How do the collaborators feel?

One of the mechanisms that companies have used to measure the well-being of their employees is surveys. This way they can check their performance or how they assess leadership. To evaluate their services, Happy Space sent out surveys so that HR managers at the companies they offered their services to could see how their workers were performing. This allowed them to “see their stress and anxiety levels, the quality of communications in organizations and how they felt during this time, among other things,” Avila explains.

This needs survey is fundamental, because in this way it is possible to find out what the workers need, and then determine the activities to be carried out. “They are thus able to treat human tragedy as a first priority, and understand that working in the context of a pandemic requires flexibility on the part of the organization,” Campos says.

It is important that the activities of companies focus on empathy, knowing the reality of their workers. Thus, it is possible to present tools based on real problems.

But communication and leadership are also important. For workers to feel free and motivated to carry out these kinds of initiatives that seek their well-being, they must feel they have the support to be able to do so without problems.

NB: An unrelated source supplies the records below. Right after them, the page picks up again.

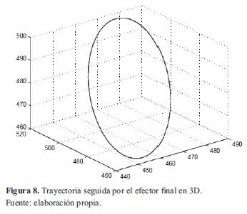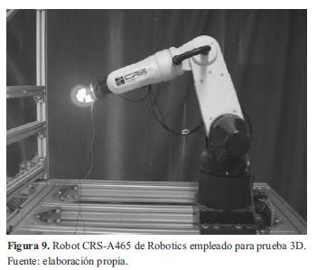 La ley de control implementada para validar el modelo en 3D está basada en la estructura básica del sistema Mamdani. Se establecieron como entradas los errores en la trayectoria en cada una de las coordenadas de imagen y las salidas son los valores de voltaje que se deben aplicar en cada una de las articulaciones del robot. En la figura 8 se muestra la forma de onda obtenida con el robot CRS-A465 de Robotics ubicado en la Universidad Nacional Autónoma de México (figura 9).
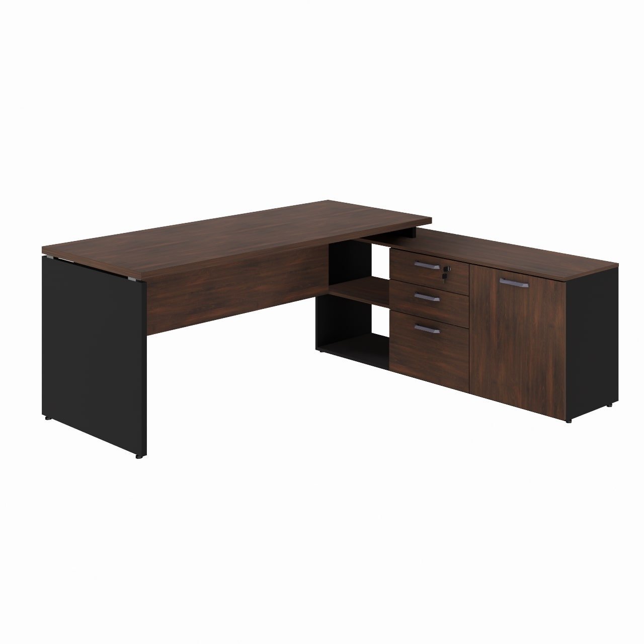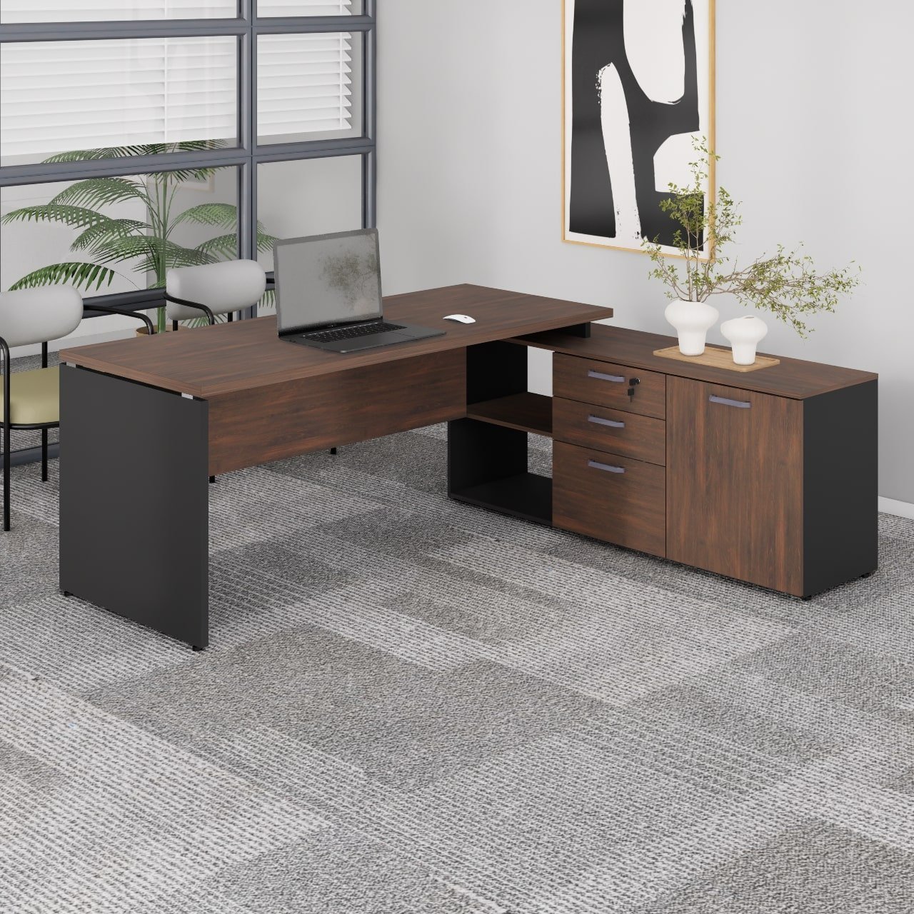 Mesa em “L” robusta, ideal para escritórios executivos, com design imponente, acabamento sofisticado em padrão amadeirado Marsala e estrutura em preto. Acompanha aparador lateral multifuncional com gavetas, armário e nichos abertos, oferecendo excelente espaço para organização.
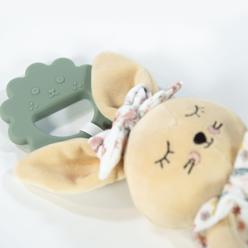 Mordedor em silicone: Ajuda a acalmar as gengivas durante a dentição. Seguro, macio, fácil de agarrar.
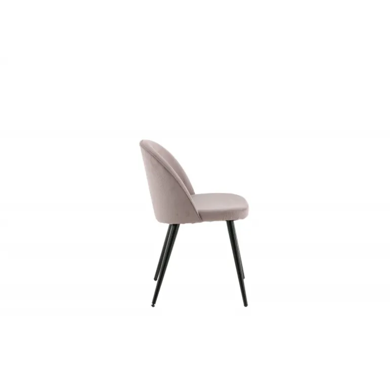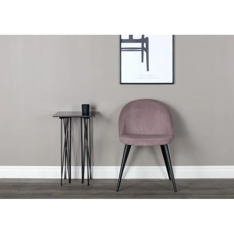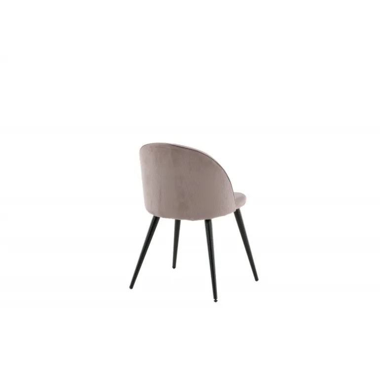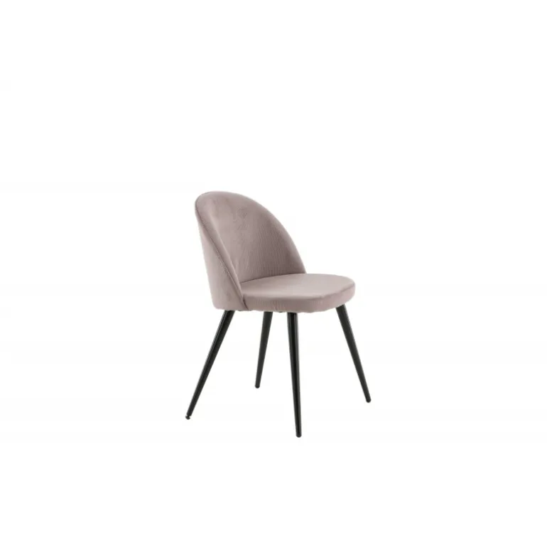 En trendy spisebordsstol i blødt, gammelt rosa manchester stof, der uden tvivl vil skabe en hyggelig atmosfære i din stue! Fløjl Spisebordsstol har et fuldt beklædt design, ben i sort pulverlakeret metal og en rundet ryg og sæde med blød polstring for ekstra komfort. Lettere samling kræves. Her sidder du behageligt og komfortabelt i timevis! Plejeråd: Brug tekstilspray til at imprægnere tekstilet, inden du begynder at bruge det, det gør også snavs og pletter lettere at fjerne i fremtiden. Fjern pletter med det samme, gnid ikke, men prøv at suge forsigtigt op med en klud.
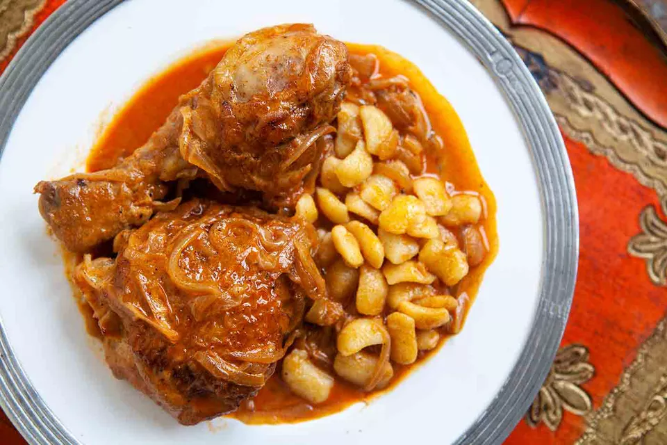 Куриный паприкаш с кусочками курицы, подрумяненный на сливочном масле, приготовленный с луком и болгарским перцем, затем поданный с добавлением небольшого количества сметаны. Ингредиенты Кусочки курицы 1200 г , предпочтительно бедра и ножки поваренная соль 2-3 столовые ложки несоленого сливочного масла 800 г желтого лука (от 2 до 3 крупных луковиц) черный перец по вкусу 2 столовые ложки сладкого перца 1 стакан куриного бульона 1/2 стакана сметаны Инструкция приготовления: Дайте кусочкам курицы вариться 4-5 минут с одной стороны, пока они не подрумянятся, затем переверните и дайте им вариться 2-3 минуты с другой стороны. (Будьте осторожны при переворачивании, чтобы не порвать кожу, если она прилипла к сковороде.) Снимите курицу со сковороды в миску, отставьте в сторону. 3. Обжарьте лук: Добавьте нарезанный лук в сотейник и готовьте его, периодически помешивая, соскребая подрумяненные кусочки курицы, пока они не подрумянятся, примерно 7 минут. 4. Добавляем паприку и черный перец: Доба

Torrealba and Furlong agree that support from HR and leadership are key to understanding how employees feel. “Knowing how the other person is is no longer so obvious. When you are in person, when you hear or see their face you can tell the mood. When you are away, understanding what the people on the team have to do takes extra effort,” says Furlong, of CompareOnline.

In Beat’s case, Torrealba says, “we’ve learned to socialize in a different way,” so he had to understand how the people working at the company feel. “It’s completely different in a hypothetical way, but the bosses have learned to trust the team,” he adds.

It is important to maintain the welfare of workers, to have effective support and communication, to maintain transparency and to provide frequent updates about changes that may arise in the organization that may generate uncertainty. In addition, it is convenient to avoid excessive workload and there are icons indicating when the working day will end, so that you can reduce anxiety and stress.